L'industrie pétrolière mondiale, réunie à Istanbul, a mis en avant lundi sa nécessaire adaptation à la transition énergétique, tout en défendant les hydrocarbures, seuls capables, selon elle, d'alimenter la croissance économique et démographique mondiale, notamment des pays émergents.

La transition vers un monde moins émetteur de gaz à effet de serre ne se présentera pas sous la forme d'"une solution" mais "impliquera différents parcours", en fonction des besoins de chaque pays, a affirmé Ben van Beurden, le PDG de Shell, lors de la première journée du Congrès mondial du pétrole.

Ces propos du patron de la major pétrolière anglo-néerlandaise résument le message que les acteurs mondiaux des hydrocarbures sont venus porter, alors que des experts et ONG environnementales estiment qu'il faudra laisser dans le sous-sol une grande partie des réserves d'hydrocarbures pour lutter contre le réchauffement climatique. 

"La hausse de la demande pour toutes les sources d'énergie, avec le pétrole et le gaz au coeur du mix-énergétique, sera une réalité pour encore des décennies", a ainsi estimé Amin H. Nasser, président de la compagnie saoudienne Saudi Aramco.

Le pétrole reste la première énergie consommée dans le monde, notamment du fait de sa domination comme carburant.

Dans de nombreux pays, et malgré la chute des prix de l'or noir ces deux dernières années, les énergies renouvelables, notamment le solaire, sont toutefois devenues au moins aussi peu chères que le gaz ou le charbon.

"Les énergies renouvelables n'ont cessé de dépasser toutes les prévisions", a reconnu Juan Vera, directeur des opérations de la compagnie espagnole Cepsa.

Les industriels, comme les pays producteurs, ont d'ailleurs pris conscience de cette nouvelle réalité économique, investissant eux aussi dans le solaire, comme le français Total ou certains pays du Moyen-Orient, ou dans l'éolien, comme le norvégien Statoil.

Dans l'énergie, "la croissance la plus rapide viendra des énergies renouvelables", admet Alexandre Novak, le ministre russe de l'Energie, mais il met en garde contre les tentations de "discrimination" entre les énergies.

Le secteur pétrolier a intégré les attentes dans les pays développés, ou encore en Chine, pour une transition vers un modèle économique moins émetteur de gaz à effet de serre.

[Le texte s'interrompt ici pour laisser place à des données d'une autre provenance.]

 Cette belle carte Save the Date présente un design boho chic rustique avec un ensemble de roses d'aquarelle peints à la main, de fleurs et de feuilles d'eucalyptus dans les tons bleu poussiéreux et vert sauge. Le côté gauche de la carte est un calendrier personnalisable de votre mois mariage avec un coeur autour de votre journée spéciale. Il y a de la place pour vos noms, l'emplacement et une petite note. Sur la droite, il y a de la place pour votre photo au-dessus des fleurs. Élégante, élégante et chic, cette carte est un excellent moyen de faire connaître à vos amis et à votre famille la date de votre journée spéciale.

Des attentes accentuées par l'accord international de Paris sur le climat et d'un certain désengagement financier et industriel du charbon.

- Gourmands émergents -

Outre le développement des énergies renouvelables, les normes se renforcent en faveur d'une plus grande efficacité énergétique dans l'industrie ou le bâtiment et les véhicules électriques se vendent de plus en plus.

"Trop souvent, la transition énergétique est considérée du point de vue des Européens ou des Nord-Américains (...) mais la réalité démographique montre que ce n'est pas suffisant de se concentrer sur ces régions", a estimé le patron de Shell, citant l'Afrique et l'Asie qui vont concentrer la majeure partie des 3,6 milliards d'habitants supplémentaires attendus sur la planète d'ici la fin du siècle.

"Ces pays en croissance auront encore besoin d'hydrocarbures pour développer leurs industries", a-t-il ajouté. D'autant que certains, comme la sidérurgie, le ciment ou la chimie, ne peuvent pas se passer de la quantité d'énergie que produisent les hydrocarbures, selon lui.

Toutefois, face aux critiques sur les émissions de gaz à effet de serre issues de l'exploitation des hydrocarbures, les industriels avancent des "progrès technologiques" pour réduire leurs impacts, via la capture et le stockage du CO2, pourtant encore loin d'avoir trouvé son équilibre économique, ou les biocarburants, a énuméré Darren W. Woods, le PDG d'ExxonMobil. 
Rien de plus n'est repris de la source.